Bayesian VaR Models Advancing beyond VaR Model Risks
Exposed by the Global Financial Crisis of 2008-2009
- Dr. Yogesh Malhotra, circa 2011 based on published research circa 1993-2008.
Beyond ‘Bayesian vs. VaR’ Dilemma to Empirical Model Risk Management:
How to Manage Risk (After Risk Management Has Failed).
"Given critical systemic risk related limitations of VaR market risk models underlying the recent financial crisis known to the Basel Committee as early as 2001, financial institutions must advance beyond traditional VaR models to more robust spectral risk measures."
-- Yogesh Malhotra in Measuring & Managing Financial Risks with Improved Alternatives Beyond Value-At-Risk (VaR) at Midtown Manhattan presentation at Fordham University, January 26, 2012."A review of trading book capital rules, due to be launched in March by the Basel Committee on Banking Supervision, will consider ditching value-at-risk as the main measure on which market risk capital is calculated, sources say - but it may not be easy to find a replacement."

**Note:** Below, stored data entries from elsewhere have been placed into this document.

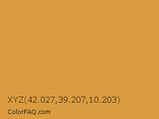 XYZ 42.027,39.207,10.203 Color is a normal orange color and the nearest color is Tigers Eye #e08d3c. Hex code #db9c40 and RGB value is rgb(219,156,64). In RGB color space, this color is composed of 86% red, 61% green, 25% blue, In CMYK color space, this color is composed of 0% cyan, 29% magenta, 71% yellow , 14% black , In HSL color space, this color has a hue angle of 36° , 68% saturation and 55% lightness.
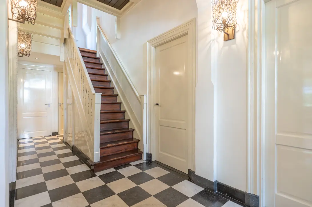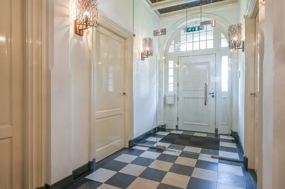 * Alle kamers hebben een stijlvolle visgraatparketvloer, houten lambrisering, een hoog plafond met inbouwspots en glad gestucte omlijsting.
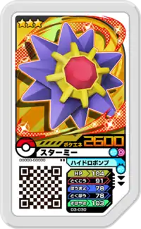Starmie (Japanese: スターミー Starmie) is a Grade 3 Pokémon Ga-Olé disk. It is part of the third Dash set.
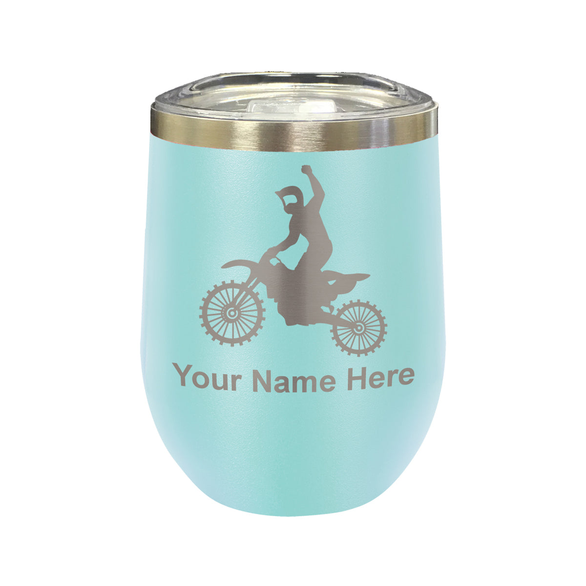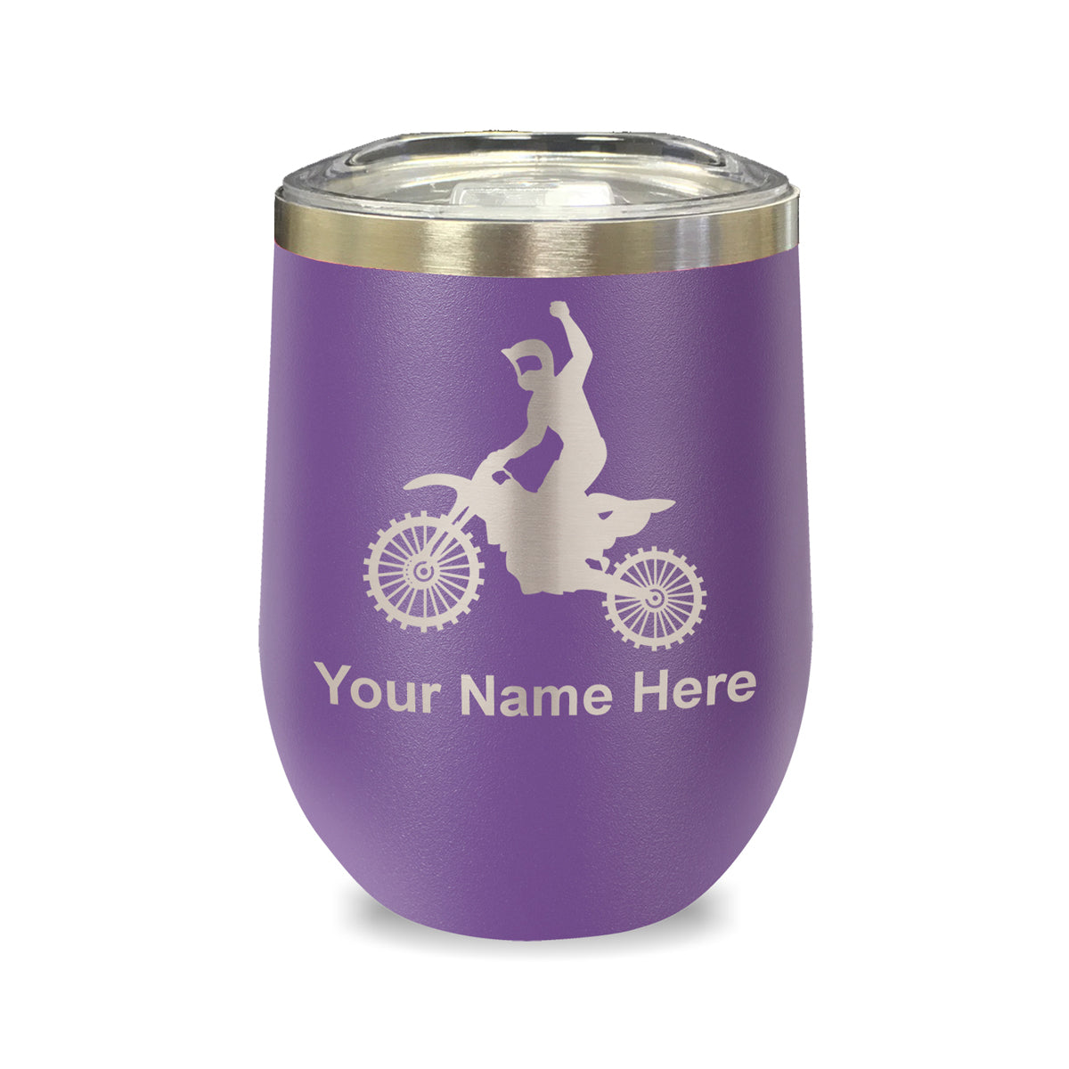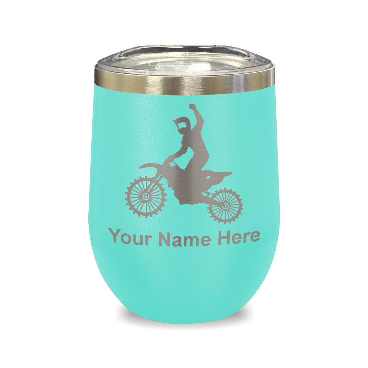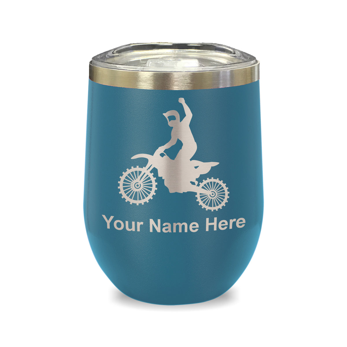 LaserGram Double Wall Stainless Steel Wine Glass, Motocross, Personalized Engraving Included
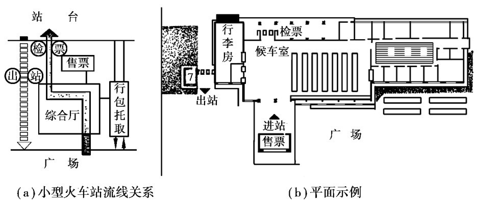 图2.34 小型火车站流线关系及平面示例
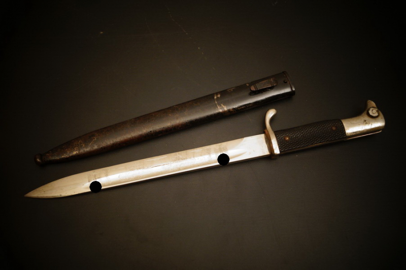 Fundzustand. Lange Ausführung mit Stahlscheide und vernickelter Stahlklinge. Schöne Schmuckätzung der Panzertruppe.
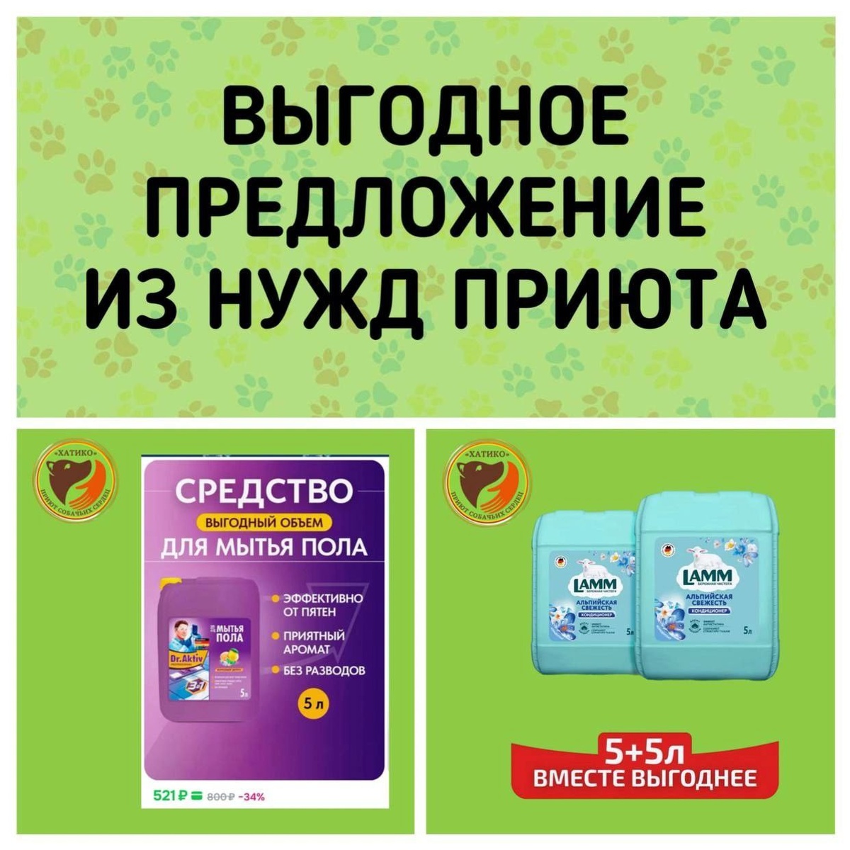 Друзья! Вы можете самостоятельно заказать для приюта бытовую химию на пункт выдачи Ozon по адресу ул. Гагарина, 45 После того, как товар будет доступен к выдаче скинуть нам в ЛИЧКУ код для получения. Тел для связи 8-951-479-75-89 Сегодня есть выгодные предложения на средства для мытья пола и стирки. ✅https://ozon.ru/t/J2wtWx6 LAMM Набор Альпийская свежесть кондиционер для белья универсальный концентрат ополаскиватель для всех типов тканей 200 стирок 5л + 5л ✅https://ozon.ru/t/ga74Eo6 Средство для Мытья Пола Dr.Aktiv, Морозный Цитрус, для Всех Типов Полов, 5 л

-- Goodbye VaR? Basel to Consider Other Risk Metrics, Risk.Net, 28 Feb 2012.
-- Basel Committee Proposes Switch from VaR to Expected Shortfall to Better Capture 'Tail Risk', Bank for International Settlements (BIS), May 2012.

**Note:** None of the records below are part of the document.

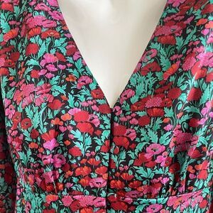 Featuring a pretty floral from Italy’s Ratti print house (home to some of the world’s most amazing motifs since 1945). Go dressy with a cute pair of sandals or more casual with a pair of boots or flats. Full length front button closure. Ruffle trim along sleeves. Lined interior. Silky, satin fabric.
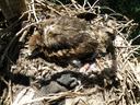 Младший птенец. Выводок из двух птенцов (старший слетел) в гнезде на осине в колке среди полей.
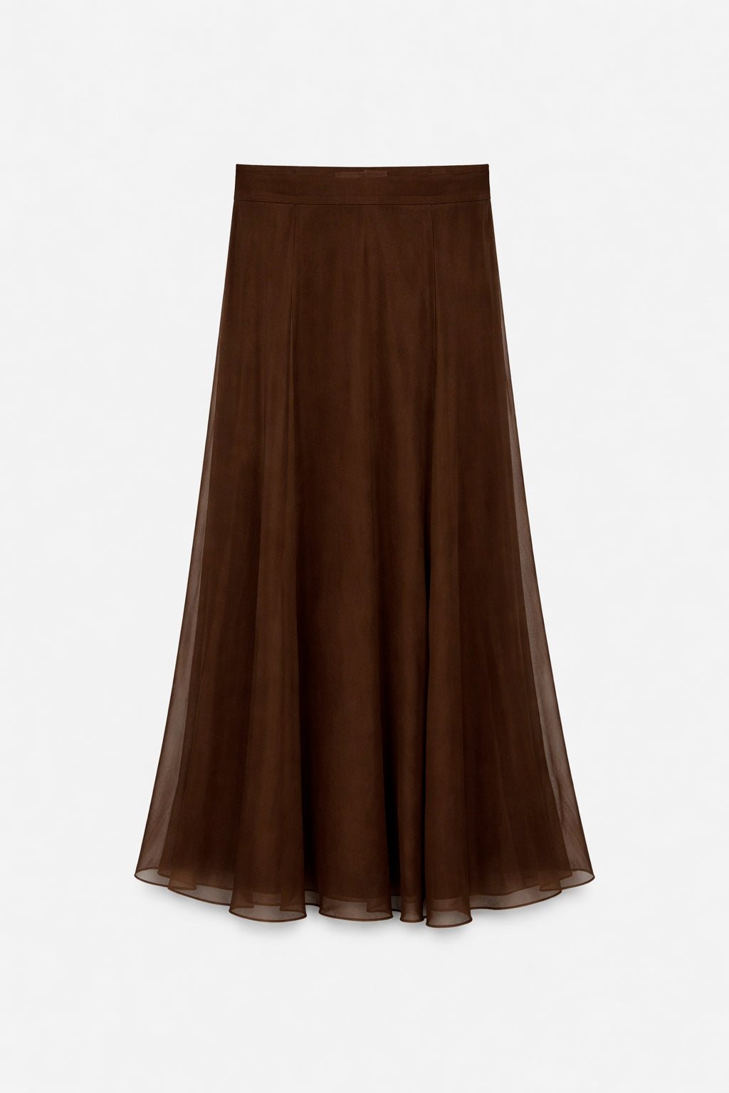 Falda larga de tiro medio y bajo acabado en línea evasé. Cierre con cremallera oculta en costura.
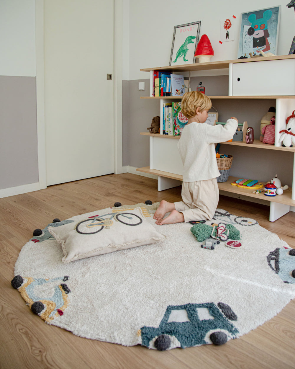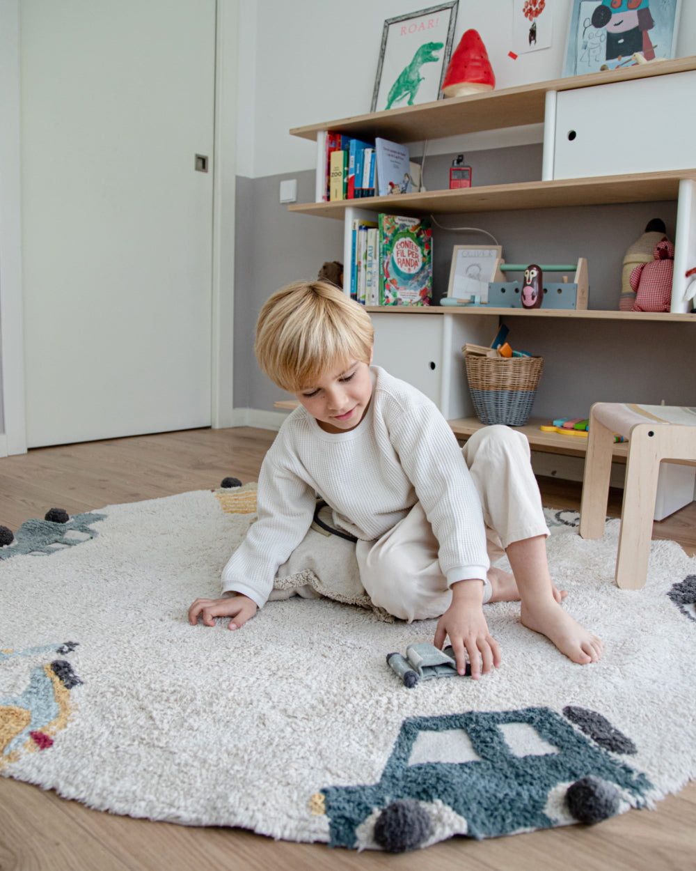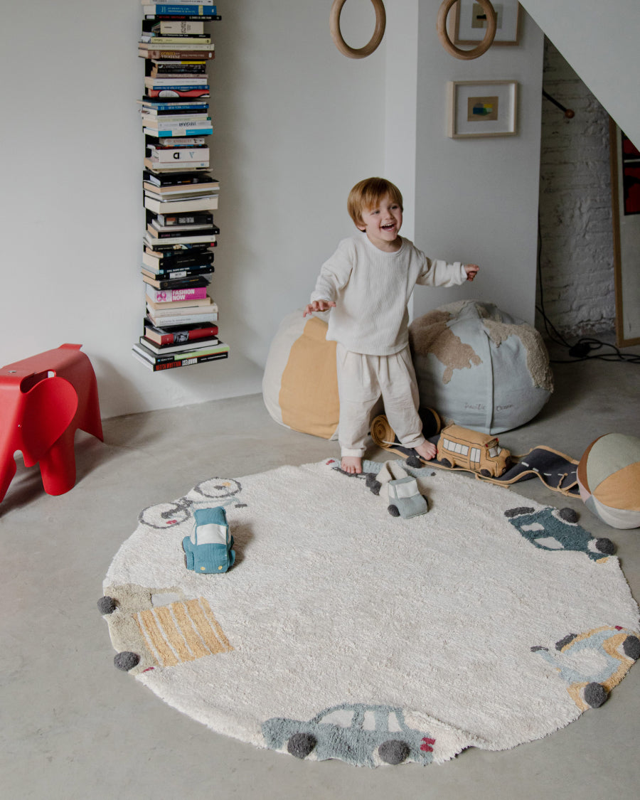 Laat de verbeelding de vrije loop met dit zachte, ronde en wasbare vloerkleed in de kleur naturel met accentkleuren. Dankzij het handige formaat is het overal in huis neer te leggen. Perfect om de kinderkamer of babykamer stijlvol aan te kleden. Wie stapt in voor wat vroom-vroom plezier?

Advancing Beyond 'Normal' VaR for Managing Risk & Uncertainty
Dr. Yogesh Malhotra's Market Risk presentation of January 26, 2012, in which he strongly recommended market risk analysts to start looking beyond VaR and seriously considering Expected Shortfall models preceded subsequent "revelation" on February 28, 2012, by Risk.net that the Basel Committee was considering ditching VaR as a means of calculating market risk capital. Risk.Net reports about its February 28, 2012, article that their "February 2012 article broke the news that the Basel Committee was considering ditching VaR as a means of calculating market risk capital in favour of expected shortfall."
His research on managing the risks of black swan like events has been applied by worldwide firms and governments for more than a decade before the term 'black swan' became fashionable among analysts. His research is advancing the execution of SR11-7 and OCC 2011-12 Model Risk Management Guidance of OCC and US Federal Reserve System such as 'anticipation of risks' by 'effective challenge of models'. His presentation also highlighted critical systemic risk concerns about VaR underlying the financial crisis that were plausibly known to the Basel Committee for Banking Supervision as early as 2001.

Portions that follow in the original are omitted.